Dalla performance Agape, 2015.

Come un Totem la pelle è inchiodata al muro, maestosa e potente, divisa a metà e presenta un buco al centro evocatrice dello spazio del cuore. Le macchie di colore, cristallizzate dal fuoco divengono cicatrici tridimensionali e porose, queste croste di colore come una corteccia sulla pelle, raccontano storie di vissuti, come se si trattasse di racconti personali tra due individui, la cui affinità spirituale e la connessione è talmente profonda da emergere destinando a rimanere testimonianza dell’Agape.

 

 

From Agape performance, 2015.

The leather is nailed down the wall, majestic and powerful like a Totem, it has been divided into half and presents a hole in the middle that evokes the heart space. Colour stains, crystallised by the fire, become three-dimensional and porous scars.

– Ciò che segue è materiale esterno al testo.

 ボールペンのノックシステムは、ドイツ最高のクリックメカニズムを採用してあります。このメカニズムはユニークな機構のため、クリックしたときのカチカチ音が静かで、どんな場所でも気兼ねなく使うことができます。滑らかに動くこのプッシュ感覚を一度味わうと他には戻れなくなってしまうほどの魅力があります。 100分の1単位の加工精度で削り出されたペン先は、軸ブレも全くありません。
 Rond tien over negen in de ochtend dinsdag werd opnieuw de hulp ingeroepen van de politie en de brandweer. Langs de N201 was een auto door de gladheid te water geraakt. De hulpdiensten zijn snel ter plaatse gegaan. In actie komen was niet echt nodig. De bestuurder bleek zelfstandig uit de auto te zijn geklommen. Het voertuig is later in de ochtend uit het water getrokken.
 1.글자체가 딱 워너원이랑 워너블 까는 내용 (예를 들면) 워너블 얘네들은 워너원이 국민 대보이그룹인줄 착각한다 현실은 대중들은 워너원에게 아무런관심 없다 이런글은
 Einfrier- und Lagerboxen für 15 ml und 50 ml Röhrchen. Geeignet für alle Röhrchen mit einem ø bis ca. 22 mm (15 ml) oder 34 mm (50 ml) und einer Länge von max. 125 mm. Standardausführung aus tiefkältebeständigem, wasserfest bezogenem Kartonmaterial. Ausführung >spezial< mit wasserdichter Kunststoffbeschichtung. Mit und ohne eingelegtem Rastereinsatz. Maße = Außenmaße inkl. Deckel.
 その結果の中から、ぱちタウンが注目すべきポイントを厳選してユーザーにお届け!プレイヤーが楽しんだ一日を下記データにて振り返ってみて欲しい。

These colour scabs, like bark on the skin, tell us stories about the past, as if they were personal stories between two individuals, whose spiritual affinity and connection is so deep that it emerges, remaining testimony to Agape.

 

           MR. SAM BARTOLOME IN LOVE (2013)

                            Installation 176X170 cm 


             Cashmere padding-cotton gauze-nails

 

 

Il titolo dell’opera deriva da San Bartolomeo martire cristiano.

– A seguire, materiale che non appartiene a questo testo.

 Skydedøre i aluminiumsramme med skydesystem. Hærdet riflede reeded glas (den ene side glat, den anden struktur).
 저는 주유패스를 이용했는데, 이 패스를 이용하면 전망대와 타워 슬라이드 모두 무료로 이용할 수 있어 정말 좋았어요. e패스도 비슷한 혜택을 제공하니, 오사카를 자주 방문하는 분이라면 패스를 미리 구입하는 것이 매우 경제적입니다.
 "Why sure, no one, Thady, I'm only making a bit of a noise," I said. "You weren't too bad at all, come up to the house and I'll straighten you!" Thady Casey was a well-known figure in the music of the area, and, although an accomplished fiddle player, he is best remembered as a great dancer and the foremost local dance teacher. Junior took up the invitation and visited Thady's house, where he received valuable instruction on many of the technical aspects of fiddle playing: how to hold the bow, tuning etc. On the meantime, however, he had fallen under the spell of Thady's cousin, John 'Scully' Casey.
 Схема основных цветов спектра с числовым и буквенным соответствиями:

A causa del supplizio a cui sarebbe stato condannato lo Scorticamento, lo si vede spesso raffigurato con la sua pelle tra le mani.Nella storia il popolo degli Assiri usavano scuoiare i nemici e affliggere la loro pelle sulle mura come monito per i nemici.L’opera realizzata con imbottitura di cashmere e garza di cotone vuole mostrare il sentimento di abbandono e solitudine dopo la fine di un Amore.Il cashmere, vello caldo che prima proteggeva e confortava viene strappato, ciò che rimane è solo un sottilissimo strato, come precaria protezione del corpo.

 

 

 

The title of the artwork derived from San Bartolomeo, Christian martyr.

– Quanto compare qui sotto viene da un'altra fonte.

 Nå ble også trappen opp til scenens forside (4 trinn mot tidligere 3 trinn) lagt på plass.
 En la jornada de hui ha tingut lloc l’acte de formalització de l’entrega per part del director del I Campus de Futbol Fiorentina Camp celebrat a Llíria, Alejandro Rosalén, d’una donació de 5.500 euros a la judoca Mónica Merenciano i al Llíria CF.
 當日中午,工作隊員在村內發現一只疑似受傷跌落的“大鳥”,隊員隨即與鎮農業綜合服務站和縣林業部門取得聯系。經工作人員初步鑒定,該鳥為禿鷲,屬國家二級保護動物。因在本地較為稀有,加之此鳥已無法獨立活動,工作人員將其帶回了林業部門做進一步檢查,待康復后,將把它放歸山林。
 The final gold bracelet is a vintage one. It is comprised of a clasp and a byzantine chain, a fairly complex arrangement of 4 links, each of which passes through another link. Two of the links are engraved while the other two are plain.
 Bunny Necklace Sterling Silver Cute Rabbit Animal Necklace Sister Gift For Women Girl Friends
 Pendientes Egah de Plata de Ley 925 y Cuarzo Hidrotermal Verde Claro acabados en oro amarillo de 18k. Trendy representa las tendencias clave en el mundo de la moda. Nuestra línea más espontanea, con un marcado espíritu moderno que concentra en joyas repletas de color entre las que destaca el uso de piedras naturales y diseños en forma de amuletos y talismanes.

Because of the flaying tortures he had to endure, he is often portrayed with his skin in his hands. In the course of history, the Assyrians used to flay the enemies and affix their skin on the wall as a warning for enemies.The artwork made of cashmere padding and cotton gauze wants to show the feeling of abandonment and loneliness after the end of a Love.Cashmere, that warm fleece that used to protect one’s skin is torn, only a very thin layer is left as uncertain body protection.

           BRICK MIGDALA (2015)

                            11X11 cm 


             Leather-wood- black ink

 

 

Brick

Un mattoncino di pelle rossa. Una scritta a china nera _ Migdala e un codice di numeri che si intersecano.Migdala o Amigdala strutture limbiche delle nostre emozioni. Senza di esse l’uomo sarebbe incapace di provare e riconoscere ogni tipo di sentimento.La forma allude alla capacità di “costruzione” se c’è cooperazione tra gli esseri umani.

 

Brick

A small brick made of veined red skin.An Indian ink _ Migdala writing and a number code that are intersected. Migdala or Amigdala are limbic structures of our emotions.Without them, man would be unable to feel emotions and recognise feelings. The form represents the ability of construction if there is cooperation among human beings.

           TWO (2015)

                 Installation   100X5 cm 


             Wooden drumsticks-colour

 

 

L’opera si ricollega a una memoria d’amore.

Le bacchette in posizione raffrontata evoca l’immagine di un incontro tra due persone. ll rosso misto al giallo e viceversa.Ora in questo stato di immobilità apparente, le bacchette sono legate e tenute sospesi da fili trasparenti, in una sorta di incantesimo che gli impedisce di toccarsi , di ricominciare a suonare.

 

 

This artwork can be linked to a love memory.

The drumsticks are facing each other and remind us of a meeting between two people.Red is mixed with yellow and vice versa.In this state of apparent stillness, the drumsticks are tied to transparent strings and suspended in the air in a way that they cannot get close, touch each other, produce energy or start playing again.